It appears that NVidia’s OpenCL implementation is still[1] blocking on calls to clEnqueueNDRangeKernel or possibly on clEnqueueWriteBuffer / clEnqueueReadBuffer.
You can observe this behavior by creating a high-iteration loop that queues a buffer write, followed by a kernel call, followed by a buffer read. Make sure to use the OpenCL wait list arguments and events to make each command wait for the previous one. Outside of the loop (and after the loop), use OpenCL’s wait function to wait for the last read event to complete.

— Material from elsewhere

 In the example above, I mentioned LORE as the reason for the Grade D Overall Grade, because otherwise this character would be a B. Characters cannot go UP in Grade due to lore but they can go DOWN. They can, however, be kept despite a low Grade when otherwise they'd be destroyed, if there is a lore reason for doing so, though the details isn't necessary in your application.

for i = 0; i < LARGE_NUMBER; i++ {
queue a write, waiting on the last read unless i = 0
queue a kernel, waiting on the above write
queue a read, waiting on the above kernel
}
wait on the last read
When I do this, I see the loop that does the queuing take a very long time, and the final wait completes instantly. This lends evidence to the claim that NVidia’s OpenCL implementation is blocking on reads, writes, or kernel launches.

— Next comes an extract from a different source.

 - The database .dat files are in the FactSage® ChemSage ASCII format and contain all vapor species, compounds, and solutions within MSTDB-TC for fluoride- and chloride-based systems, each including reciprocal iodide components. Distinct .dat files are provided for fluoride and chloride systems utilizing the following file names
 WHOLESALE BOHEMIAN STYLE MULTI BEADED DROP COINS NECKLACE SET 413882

For further evidence, install AMD APP[2] and attempt to run the same code on a CPU (you can install AMD APP without an AMD card). You’ll see the queue loop finish almost instantly, and the program will wait on the wait.

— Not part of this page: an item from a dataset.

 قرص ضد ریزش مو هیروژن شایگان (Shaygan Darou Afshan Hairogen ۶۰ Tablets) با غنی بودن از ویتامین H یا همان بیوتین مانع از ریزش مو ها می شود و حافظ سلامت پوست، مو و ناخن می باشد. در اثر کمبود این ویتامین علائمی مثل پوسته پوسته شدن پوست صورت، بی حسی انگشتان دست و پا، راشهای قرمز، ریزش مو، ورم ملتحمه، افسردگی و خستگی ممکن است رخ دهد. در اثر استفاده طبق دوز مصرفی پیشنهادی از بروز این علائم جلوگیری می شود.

I suppose the other alternative is that NVidia’s queueing algorithm/implementation is slow, the GPU is actually beating it, even for fairly substantial kernels. This seems like it would be a bug in and of itself. However, I doubt this is the case, because if I increase the workload of each kernel, the time to run the queuing loop also increases.
It really ought not matter what hardware I’m running, but just in case it does, I ‘m testing on a Quadro K5000 and a Intel Xeon X5482.
Note that I’m not attempting to run multiple kernels concurrently, merely to queue them asynchronously. Being able to queue kernels asynchronously would allow for a (concurrency-enabled) device to run concurrent kernels with only a single host thread. Which would be, you know, a billion times better than having to fiddle around with synchronizing an apparently-non-conforming OpenCL implementation.
Has anyone else observed this behavior? Is it a problem with my code, or with NVidia’s OpenCL implementation? Have I provided sufficient information?
- https://devtalk.nvidia.com/default/topic/415023/launch-kernels-in-parallel-/
- http://developer.amd.com/tools-and-sdks/heterogeneous-computing/amd-accelerated-parallel-processing-app-sdk/downloads/
P.S. I sure am glad I write my forum posts in Emacs and not the browser! I forgot a subject line, and after submitting, my post was no longer in the box!
Edit: I forgot to ask a question.